Sunday, April 19, 2009

Madeline Spohr

About now everybody's heard about the passing of Madeline Spohr. I didn't know this sweet, little angel and I don't know her parents. But I can't stop thinking about all of them. It's strange the way that certain things can have such a deep impact on my emotional state. I mean things that have nothing to do with me, really. Things that shouldn't distract me or make me sob heartily while I rock my Livy in the tightest of embraces.

"What's wrong Mom? Why are you crying?"

"I'm crying because a baby died, Liv. A baby was sick and then she died."

"Now she's in heaven with Aunt Amy?"

"Yep. That's where she is now. But her mom and dad will miss her."

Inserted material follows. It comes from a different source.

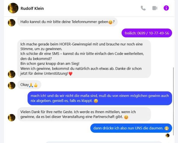 Es erstaunte mich zwar, daß Rudi Klein bei einem Supermarkt-Gewinnspiel mitmacht, aber das ist ja nicht anrüchig. Wir hatten dazu eine kurze Korrespondenz, bei der „er“ dann allerdings mit mir plötzlich per Sie war. Da dämmerte mir: Das ist nicht der Rudi, obwohl es klar über seinen Messenger kam.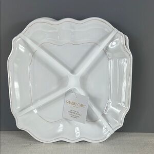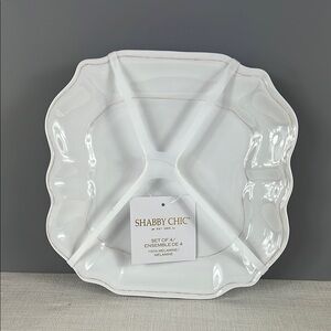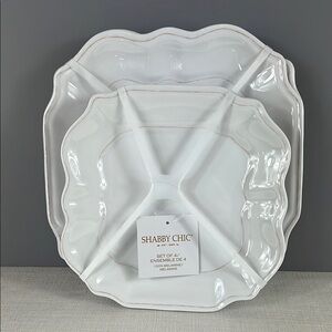 Shabby Chic Melamine Plates 8 pc Set 4 Dinner 4 Salad White Tan Edge NEW

And then she and I snuggled and watched the memorial tribute video together.

I can't stop talking about Maddie. I talk about her to anyone who will listen. It's so hard for me to accept that we live in a world where babies can die. I mean, logically I know that it happens more than it should. But emotionally I'm having a hard time coming to terms with the fragility of human life, with the injustice of a life cut unbearably short. I remember talking with Amy about her death and the one thing she always made a point to say was, "At least I've had a chance to grow and live. There are babies and kids who don't even get the chance to grow up." She knew that life didn't make sense whatsoever. She knew firsthand that life was one fucked up event after another with occasional bouts of joy sprinkled in.

My heart breaks for Maddie's parents and for any other parents who have had to say goodbye to their little ones. When I think about the pain of that, I get sick to my stomach. I can't even fathom the torturous, soul-destroying anguish of losing a child. I feel helpless in the face of it. I look at my little girl, napping soundly in the bed next to me, and I feel an odd guilt but also a gnawing fear. Life is so random. You just never know what is coming up around the corner.

I've noticed a change in me since I heard about Madeline's death. When Liv says, "Mom, come see what I made!" I don't say, "Not now, Liv, I'm busy." I go and see what she's made. I tell her that her block tower is an amazing achievement of architecture. When she sidles up next to me, book in hand, and says, "Please read me a story." I say, "Okay! Let's do it." I know that there are parents out there who would give anything, any fucking thing, to see their dead child's block tower, to read him or her just one more story book. I know that I am one of the lucky ones. So far.